Francisco Aragão Menezes era um jovem, filho de afamado cafeicultor. Era
sujeitinho intragável. Possuía uma caderneta que levava no bolso, com endereços
das mariposas de plantão, que o atendiam com muito amor ao recheio da sua
carteira. Nariz arrebitado, usava uma bengala mais como adereço do que por
necessidade, enlouquecia os alfaiates para dar o caimento perfeito naquele
corpo franzino.
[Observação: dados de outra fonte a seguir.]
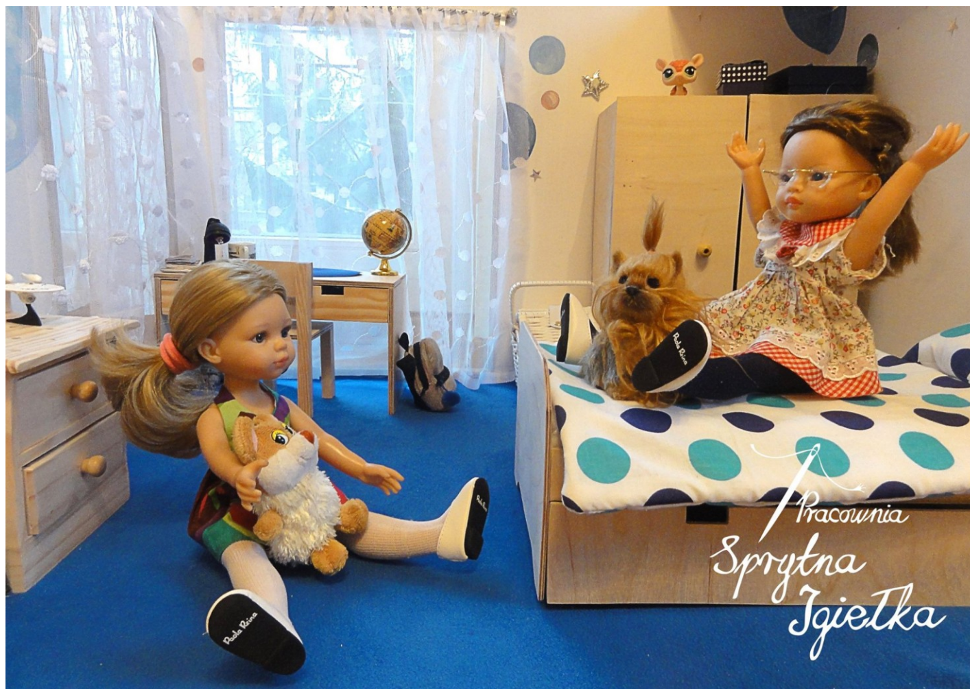
Domek dla lalek. Drewniane elementy wykonane ze sklejki – Tato zapewnił niezastąpione wsparcie techniczne w nauce „sztuk kreacji z drewna”.

Cabelos impecáveis, assentados com vaselina perfumada, era uma
cópia latina de alguém que se julgava autêntico cidadão britânico, graças aos
anos que lá viveu enfurnado em bordéis. Com muito custo diplomou-se, dizem até
que o equivalente a muitas sacas de café foram doadas para a universidade se
ver livre de tal espécime. Sentado em confortável mesa, Francisco Aragão
Menezes, também conhecido, sem que soubesse, por Dr. Vaselina, pede um vinho
raro, Château Margaux 1900, de que por dessas coincidências incríveis existia
em estoque uma única garrafa, ninguém tinha tido coragem de pagar o seu preço.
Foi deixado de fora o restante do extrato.